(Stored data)
+ + + + +
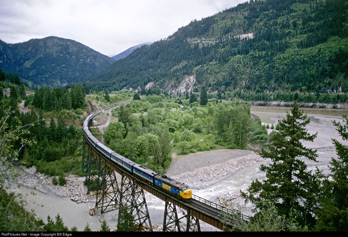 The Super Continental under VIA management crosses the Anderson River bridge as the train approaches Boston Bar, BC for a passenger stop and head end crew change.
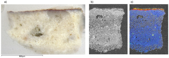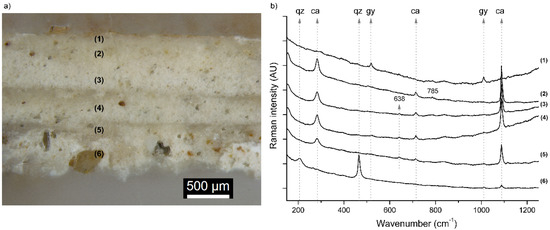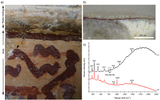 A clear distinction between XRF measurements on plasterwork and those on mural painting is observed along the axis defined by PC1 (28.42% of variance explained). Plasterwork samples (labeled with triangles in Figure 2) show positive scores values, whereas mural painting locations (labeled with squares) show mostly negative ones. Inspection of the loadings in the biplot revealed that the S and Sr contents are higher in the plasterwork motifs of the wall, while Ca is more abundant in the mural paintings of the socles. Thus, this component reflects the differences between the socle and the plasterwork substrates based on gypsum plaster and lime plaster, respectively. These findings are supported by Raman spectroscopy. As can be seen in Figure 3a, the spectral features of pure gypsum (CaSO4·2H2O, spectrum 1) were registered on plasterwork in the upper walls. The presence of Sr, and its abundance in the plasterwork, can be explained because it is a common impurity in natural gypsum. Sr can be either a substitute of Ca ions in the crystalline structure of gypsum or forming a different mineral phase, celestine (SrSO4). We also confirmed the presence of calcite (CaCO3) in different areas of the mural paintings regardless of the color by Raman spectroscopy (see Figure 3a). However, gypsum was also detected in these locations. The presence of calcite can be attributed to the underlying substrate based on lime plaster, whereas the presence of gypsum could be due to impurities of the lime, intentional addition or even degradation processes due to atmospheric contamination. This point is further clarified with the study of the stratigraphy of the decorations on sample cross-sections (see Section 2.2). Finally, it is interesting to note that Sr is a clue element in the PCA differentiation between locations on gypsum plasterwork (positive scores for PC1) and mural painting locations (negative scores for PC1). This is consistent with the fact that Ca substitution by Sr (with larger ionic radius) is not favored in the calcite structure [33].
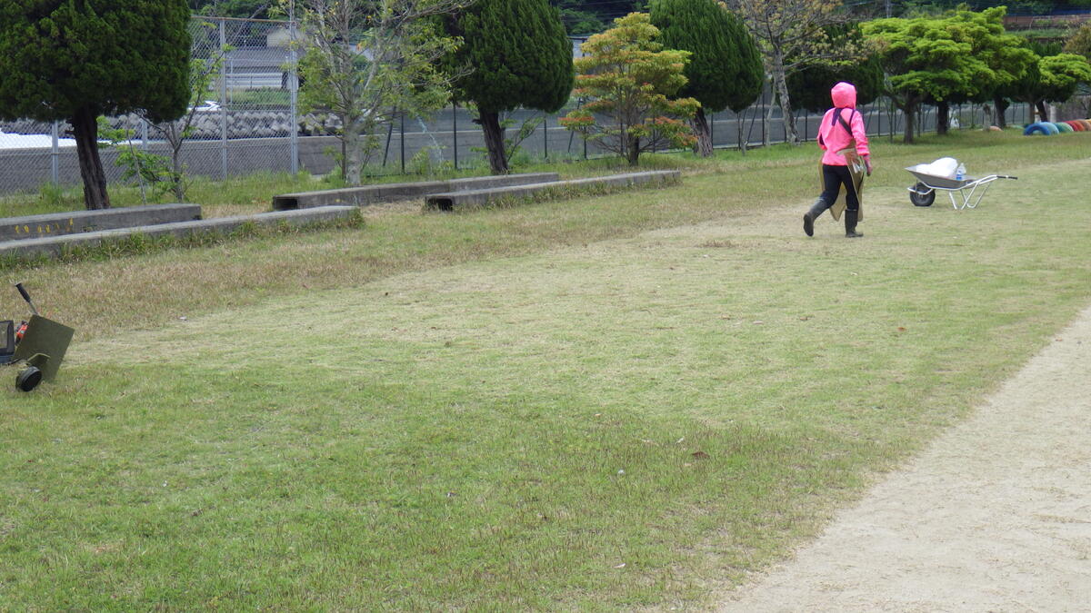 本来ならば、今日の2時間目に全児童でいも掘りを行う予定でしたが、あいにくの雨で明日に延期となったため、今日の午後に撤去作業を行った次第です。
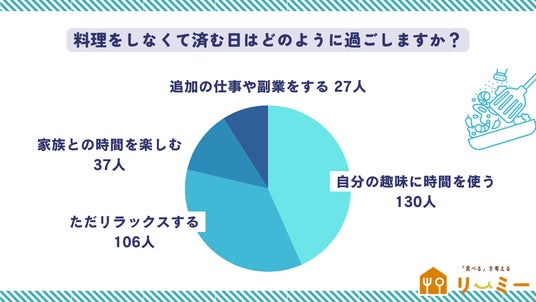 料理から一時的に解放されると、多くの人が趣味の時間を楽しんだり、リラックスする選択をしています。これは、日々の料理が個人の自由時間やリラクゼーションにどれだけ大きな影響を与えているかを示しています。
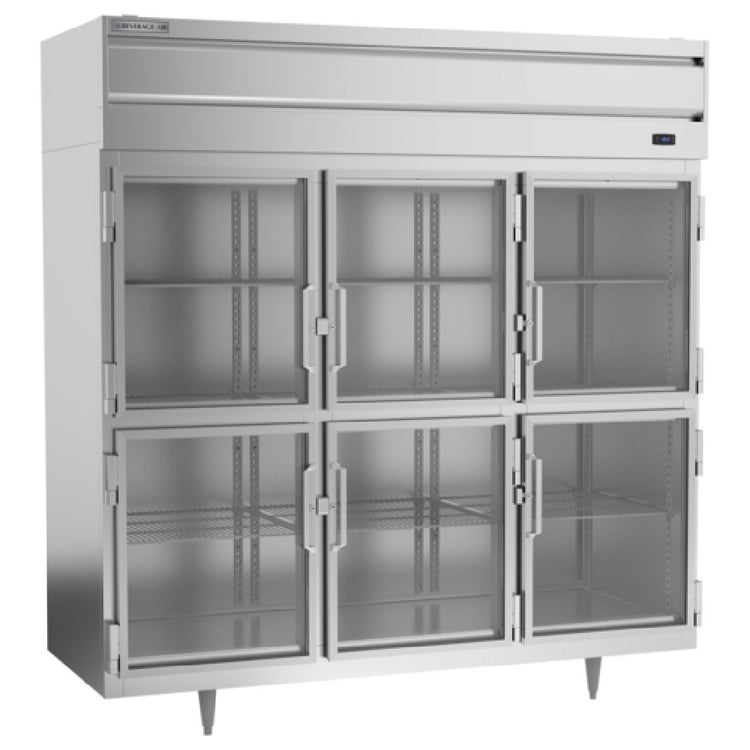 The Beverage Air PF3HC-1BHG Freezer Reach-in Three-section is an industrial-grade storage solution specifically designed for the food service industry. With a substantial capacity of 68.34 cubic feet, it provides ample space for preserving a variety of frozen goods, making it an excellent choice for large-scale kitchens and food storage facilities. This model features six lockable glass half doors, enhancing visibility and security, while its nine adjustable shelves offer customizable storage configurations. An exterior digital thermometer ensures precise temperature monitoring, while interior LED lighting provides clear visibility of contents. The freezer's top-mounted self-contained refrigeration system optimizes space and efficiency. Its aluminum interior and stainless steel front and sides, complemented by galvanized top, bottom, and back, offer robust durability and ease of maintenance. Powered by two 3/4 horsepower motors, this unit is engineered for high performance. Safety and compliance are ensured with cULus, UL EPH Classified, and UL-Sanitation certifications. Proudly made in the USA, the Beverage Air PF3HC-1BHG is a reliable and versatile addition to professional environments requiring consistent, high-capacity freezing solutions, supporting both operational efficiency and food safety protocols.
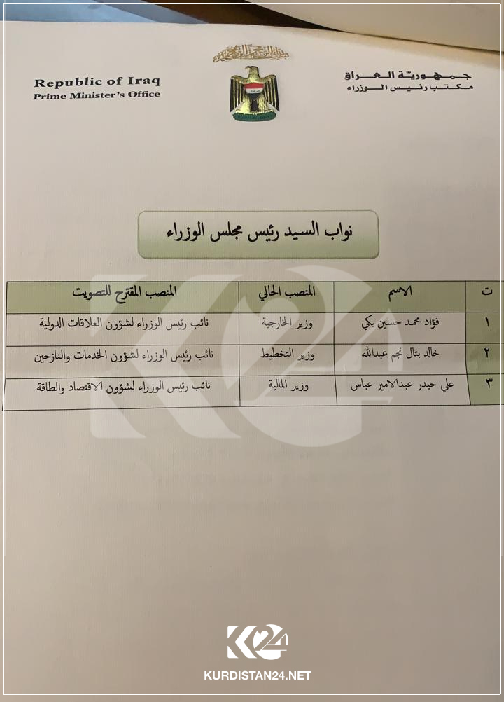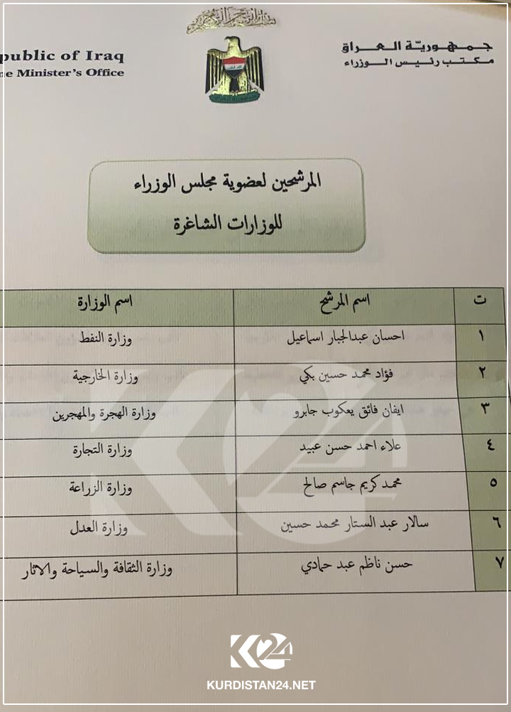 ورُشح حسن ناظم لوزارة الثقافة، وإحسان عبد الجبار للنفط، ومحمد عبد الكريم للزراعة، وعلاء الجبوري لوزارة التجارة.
+ + + + +
# [What you have to do]
This exercise calls for the records to be given again exactly, without the images.

# [Exercise solution]
 The Super Continental under VIA management crosses the Anderson River bridge as the train approaches Boston Bar, BC for a passenger stop and head end crew change.
 A clear distinction between XRF measurements on plasterwork and those on mural painting is observed along the axis defined by PC1 (28.42% of variance explained). Plasterwork samples (labeled with triangles in Figure 2) show positive scores values, whereas mural painting locations (labeled with squares) show mostly negative ones. Inspection of the loadings in the biplot revealed that the S and Sr contents are higher in the plasterwork motifs of the wall, while Ca is more abundant in the mural paintings of the socles. Thus, this component reflects the differences between the socle and the plasterwork substrates based on gypsum plaster and lime plaster, respectively. These findings are supported by Raman spectroscopy. As can be seen in Figure 3a, the spectral features of pure gypsum (CaSO4·2H2O, spectrum 1) were registered on plasterwork in the upper walls. The presence of Sr, and its abundance in the plasterwork, can be explained because it is a common impurity in natural gypsum. Sr can be either a substitute of Ca ions in the crystalline structure of gypsum or forming a different mineral phase, celestine (SrSO4). We also confirmed the presence of calcite (CaCO3) in different areas of the mural paintings regardless of the color by Raman spectroscopy (see Figure 3a). However, gypsum was also detected in these locations. The presence of calcite can be attributed to the underlying substrate based on lime plaster, whereas the presence of gypsum could be due to impurities of the lime, intentional addition or even degradation processes due to atmospheric contamination. This point is further clarified with the study of the stratigraphy of the decorations on sample cross-sections (see Section 2.2). Finally, it is interesting to note that Sr is a clue element in the PCA differentiation between locations on gypsum plasterwork (positive scores for PC1) and mural painting locations (negative scores for PC1). This is consistent with the fact that Ca substitution by Sr (with larger ionic radius) is not favored in the calcite structure [33].
 本来ならば、今日の2時間目に全児童でいも掘りを行う予定でしたが、あいにくの雨で明日に延期となったため、今日の午後に撤去作業を行った次第です。
 料理から一時的に解放されると、多くの人が趣味の時間を楽しんだり、リラックスする選択をしています。これは、日々の料理が個人の自由時間やリラクゼーションにどれだけ大きな影響を与えているかを示しています。
 The Beverage Air PF3HC-1BHG Freezer Reach-in Three-section is an industrial-grade storage solution specifically designed for the food service industry. With a substantial capacity of 68.34 cubic feet, it provides ample space for preserving a variety of frozen goods, making it an excellent choice for large-scale kitchens and food storage facilities. This model features six lockable glass half doors, enhancing visibility and security, while its nine adjustable shelves offer customizable storage configurations. An exterior digital thermometer ensures precise temperature monitoring, while interior LED lighting provides clear visibility of contents. The freezer's top-mounted self-contained refrigeration system optimizes space and efficiency. Its aluminum interior and stainless steel front and sides, complemented by galvanized top, bottom, and back, offer robust durability and ease of maintenance. Powered by two 3/4 horsepower motors, this unit is engineered for high performance. Safety and compliance are ensured with cULus, UL EPH Classified, and UL-Sanitation certifications. Proudly made in the USA, the Beverage Air PF3HC-1BHG is a reliable and versatile addition to professional environments requiring consistent, high-capacity freezing solutions, supporting both operational efficiency and food safety protocols.
 ورُشح حسن ناظم لوزارة الثقافة، وإحسان عبد الجبار للنفط، ومحمد عبد الكريم للزراعة، وعلاء الجبوري لوزارة التجارة.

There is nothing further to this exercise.